◆ **Task objective**: Once you have found the line with "Christian Dior CD" in the records below, retype it and every line after it to the end exactly, with no pictures and nothing more.

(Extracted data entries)
------------------------------------------------
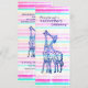 Original, personnalisé, rose, rayures bleues, invitation de la Saint-Valentin avec girafes de baiser dessin d'art Matte 10,2 cm x 23,5 cm, enveloppes blanches standard incluses
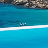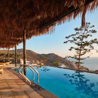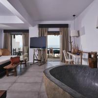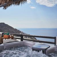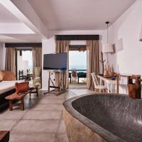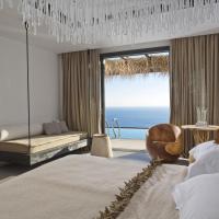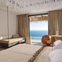 Традиционный курортный отель Myconian Utopia Relais & Chateaux с открытым бассейном и рестораном расположен на холме, всего в 100 метрах от пляжа Элиа.
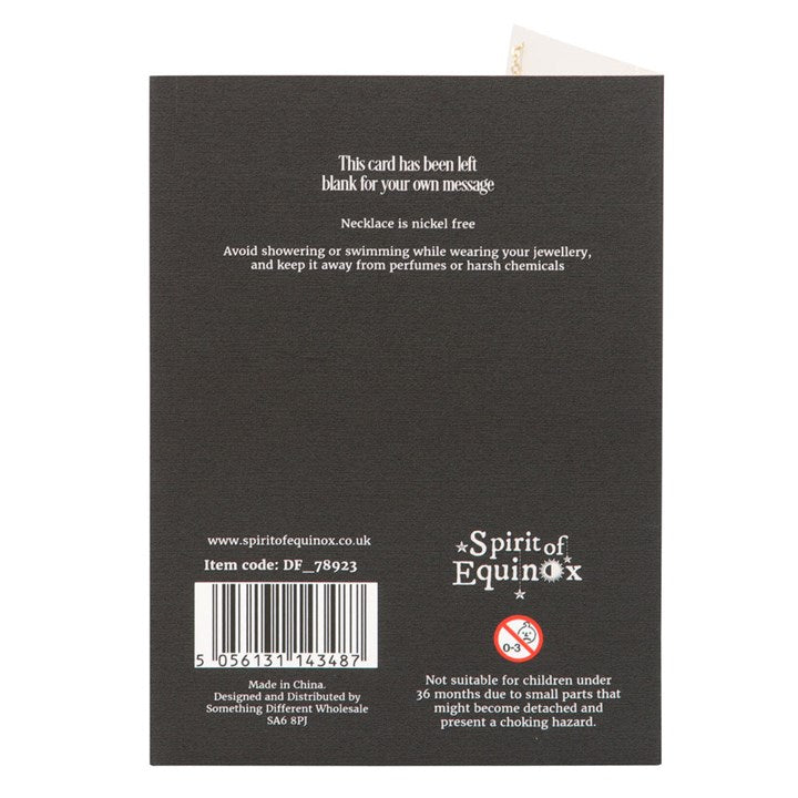 This ethereal luna moth necklace comes nestled on a matching greeting card, making it the perfect gift to celebrate new beginnings and personal growth. Includes gold-tone stainless steel moth and crescent moon charms on a 22cm nickel-free chain. Includes envelope. Card left blank inside.
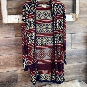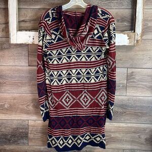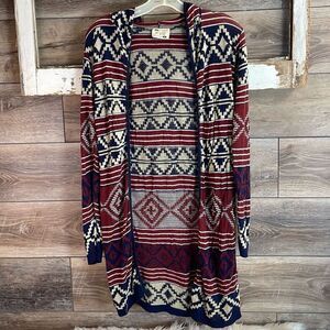 SAY WHAT NY Ladies Hooded Cardigan Southwestern Aztec Open Front Sweater OS
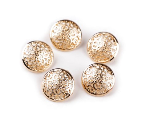 Kovové knoflíky zdobí filigránový vzor. Jsou vyrobené ze slitiny zinku a nemagnetických kovů. Mají spodní přišívání. Knoflíky podtrhnou eleganci kabátů, sak, košil apod. Vyniknou také na doplňcích jako jsou kabelky, tašky nebo klobouky. [Knoflíky jsou baleny v sáčku.]Velikost knoflíků naleznete v této tabulce. [Zinek chrání kov proti korozi. Pozinkované výrobky po vyprání zůstávají beze změn.]
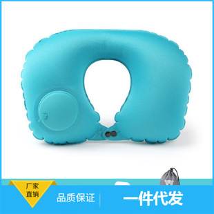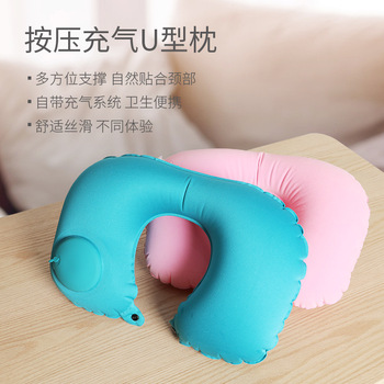 植绒充气U型枕牛奶丝TPU按压自动充气枕头便携随身旅行枕
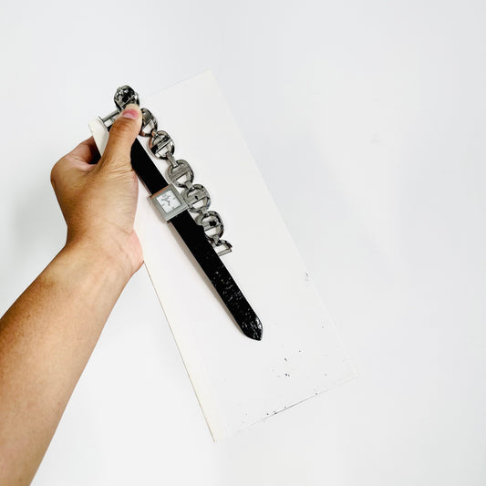 Christian Dior CD Chunky Pandiora Malice Stainless Steel Monogram Logo 19MM Chain Bracelet Bangle Watch With Leather Strap
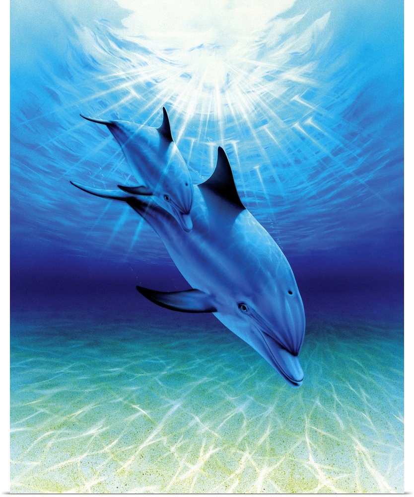 Art Blue Wall Art Robin Koni Painting Wildlife Marine Life Dolphin
------------------------------------------------
◆ **Written response**:
 Christian Dior CD Chunky Pandiora Malice Stainless Steel Monogram Logo 19MM Chain Bracelet Bangle Watch With Leather Strap
 Art Blue Wall Art Robin Koni Painting Wildlife Marine Life Dolphin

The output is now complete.